The two components in $\hat e_r$ direction - $\ddot{r}$ and $r\dot{θ}^2$ - are the usual acceleration along radius vector and the centrifugal force experienced. But what is the significance of the other two terms?. Is there any day-to-day or a common situation where we experience the Coriolis force and the other term?

I can memorize the formula and use it, but I will truly 'understand' its significance only if I can 'feel' the terms.

• thanks zero, for editing the question! i'm kinda new here and have little knowledge of how to put the symbols, so please excuse me :) – Sakazuki Akainu Mar 22 '17 at 20:17

$\ddot{r} \hat e_r$: usual radial acceleration
$-r\dot{θ}^2 \hat e_r$: centripetal acceleration
$r\ddot{θ}\hat e_θ$: This is the Euler acceleration.
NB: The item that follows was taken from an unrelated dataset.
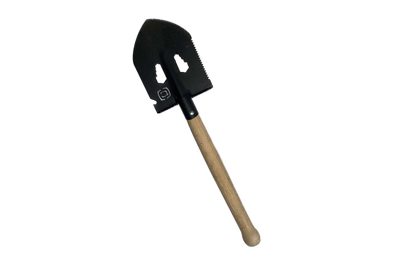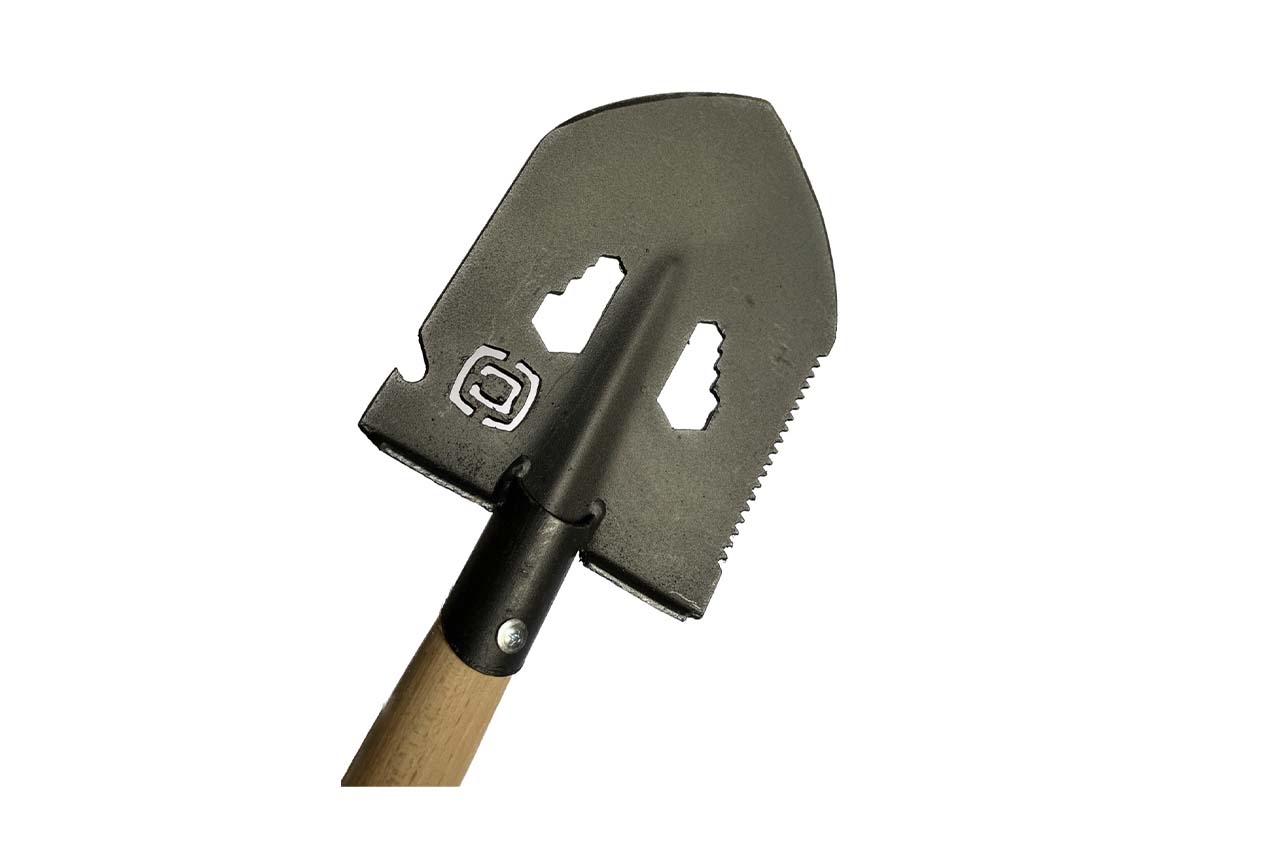 Лопата саперна Сила - 523мм кемпер виготовлений із металу 2мм, дерев'яний воскований черешок. На робочій частині - пилка, відкривання, прорізи для ісп-я як накидних ключів, жало робочої частини із зазубринами (для кращого різання коренів).
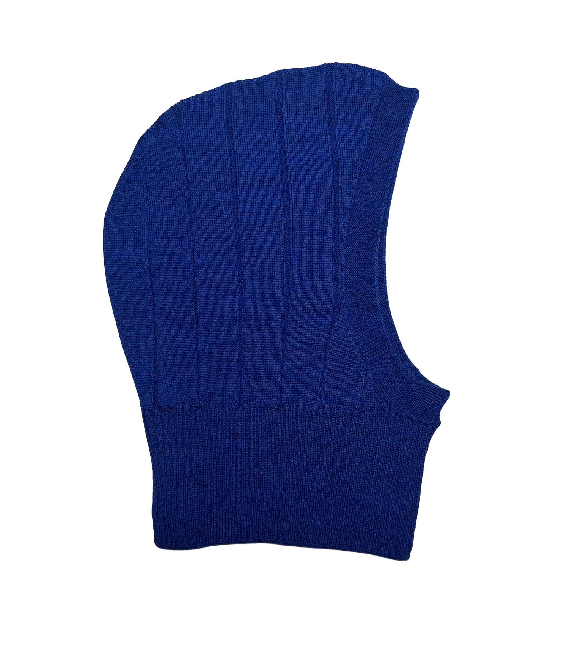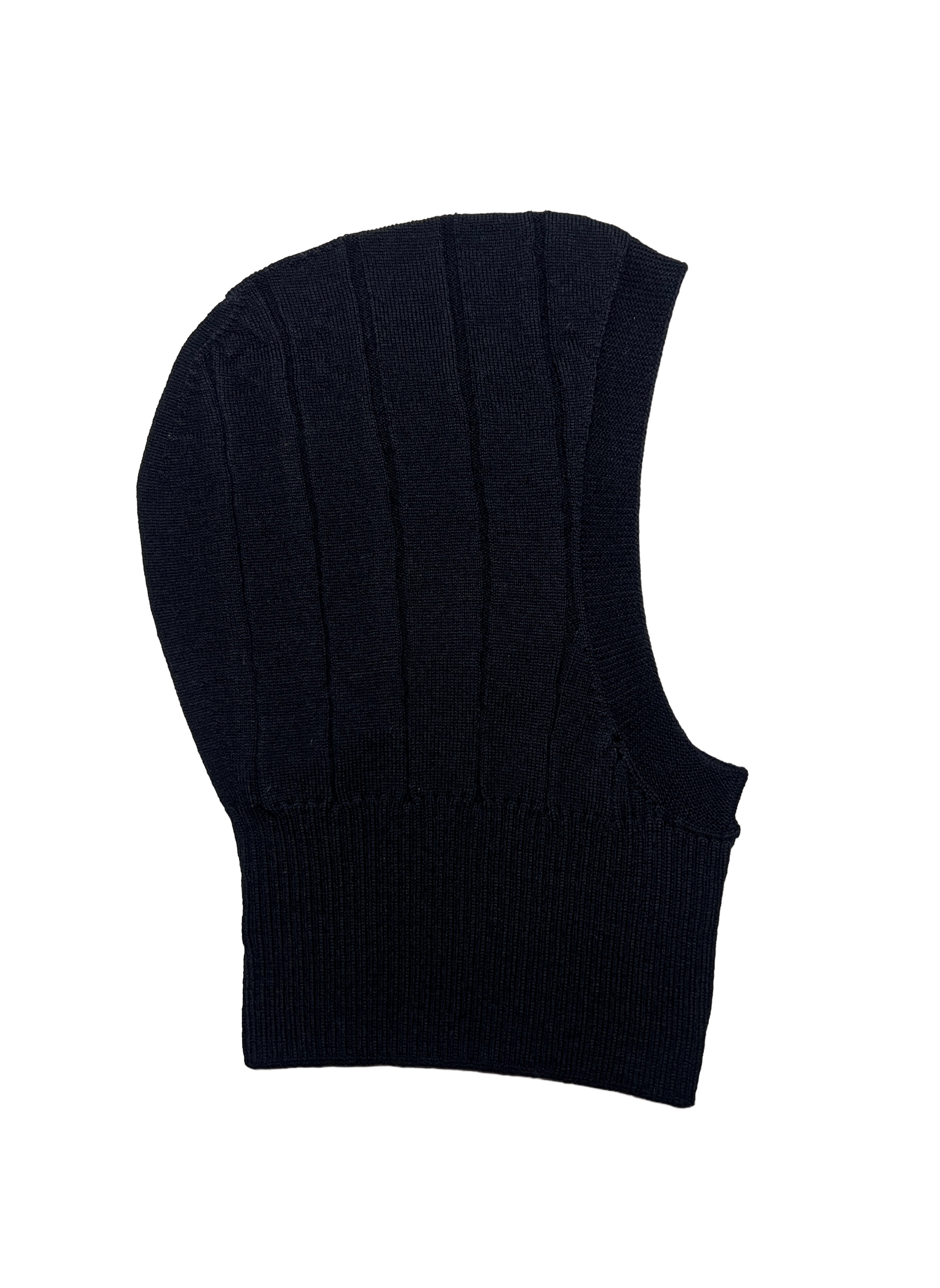 A lightweight 3D knit balaclava with ribbing around the face and neck and a wide rib on the body of the hood.

It is an acceleration due to a change of angular velocity (at fixed $r$). Example taken from the linked wikipedia article: on a merry-go-round this is the force that pushes you to the back of the horse when the ride starts (angular velocity increasing) and to the front of the horse when the ride stops (angular velocity decreasing).
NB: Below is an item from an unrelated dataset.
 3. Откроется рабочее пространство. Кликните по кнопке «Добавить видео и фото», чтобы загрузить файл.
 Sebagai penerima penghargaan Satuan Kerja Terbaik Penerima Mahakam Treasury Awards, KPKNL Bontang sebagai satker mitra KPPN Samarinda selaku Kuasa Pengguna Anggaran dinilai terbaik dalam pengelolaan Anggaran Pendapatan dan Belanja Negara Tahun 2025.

$2\dot{r}\dot{θ} \hat e_θ$: Coriolis acceleration
I can only answer part of your query: the Coriolis force does not enter into this. The form you have comes directly from expressing $\ddot{x}$ and $\ddot{y}$ in terms of derivatives aof $r$ and $\theta$ through the geometrical change \begin{align} x(t)&=r(t)\cos(\theta(t))\, ,\qquad y(t)=r(t)\sin(\theta(t)) \end{align} followed by converting $$\hat x=\cos(\theta(t))\hat r- \sin(\theta(t))\hat \theta\, ,\quad \hat y=\sin(\theta(t))\hat r+ \cos(\theta(t))\hat \theta\, .$$ Thus the various bits and pieces in polar coordinates come purely from the change of coordinate system, not the inertial or non-inertial nature of the reference frame, in which you can set whatever coordinate systems you want.
Because the orientation of $\hat r$ and $\hat \theta$ depend on the position in space, it is not easy to get intuition into their components.